(Given records Opens)

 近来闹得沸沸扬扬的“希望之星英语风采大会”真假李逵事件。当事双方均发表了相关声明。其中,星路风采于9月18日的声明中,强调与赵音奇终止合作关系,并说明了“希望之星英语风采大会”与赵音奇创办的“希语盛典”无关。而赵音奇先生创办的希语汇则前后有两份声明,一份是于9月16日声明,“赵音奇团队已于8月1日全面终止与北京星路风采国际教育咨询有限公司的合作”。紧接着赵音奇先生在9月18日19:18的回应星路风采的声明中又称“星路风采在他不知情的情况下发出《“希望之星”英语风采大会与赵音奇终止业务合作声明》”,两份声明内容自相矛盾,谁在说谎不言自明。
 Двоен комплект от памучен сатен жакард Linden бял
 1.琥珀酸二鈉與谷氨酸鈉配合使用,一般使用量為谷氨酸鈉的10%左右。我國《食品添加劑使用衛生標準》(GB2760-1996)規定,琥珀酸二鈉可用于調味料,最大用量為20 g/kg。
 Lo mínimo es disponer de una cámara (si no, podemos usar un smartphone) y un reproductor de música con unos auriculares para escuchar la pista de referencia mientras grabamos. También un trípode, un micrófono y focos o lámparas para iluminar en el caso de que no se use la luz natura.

(Given records Closes)
(Given records Opens)

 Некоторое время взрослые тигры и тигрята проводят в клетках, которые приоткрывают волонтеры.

(Given records Closes)
(Given records Opens)

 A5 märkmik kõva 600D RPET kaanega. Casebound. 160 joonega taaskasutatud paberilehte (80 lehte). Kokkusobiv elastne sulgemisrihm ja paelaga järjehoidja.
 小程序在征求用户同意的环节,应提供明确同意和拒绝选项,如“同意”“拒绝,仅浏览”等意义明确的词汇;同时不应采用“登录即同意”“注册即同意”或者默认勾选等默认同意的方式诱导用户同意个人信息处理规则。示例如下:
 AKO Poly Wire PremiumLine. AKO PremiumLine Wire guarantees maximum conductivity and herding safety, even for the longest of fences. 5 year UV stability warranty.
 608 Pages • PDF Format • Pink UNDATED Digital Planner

(Given records Closes)

Required action - Among the records above, a stretch begins at the line containing "1.琥珀酸二鈉與谷氨酸鈉配合" and ends at the line containing "Lo mínimo es". Restate that stretch word for word, and nothing else.

Answer to the exercise -
 1.琥珀酸二鈉與谷氨酸鈉配合使用,一般使用量為谷氨酸鈉的10%左右。我國《食品添加劑使用衛生標準》(GB2760-1996)規定,琥珀酸二鈉可用于調味料,最大用量為20 g/kg。
 Lo mínimo es disponer de una cámara (si no, podemos usar un smartphone) y un reproductor de música con unos auriculares para escuchar la pista de referencia mientras grabamos. También un trípode, un micrófono y focos o lámparas para iluminar en el caso de que no se use la luz natura.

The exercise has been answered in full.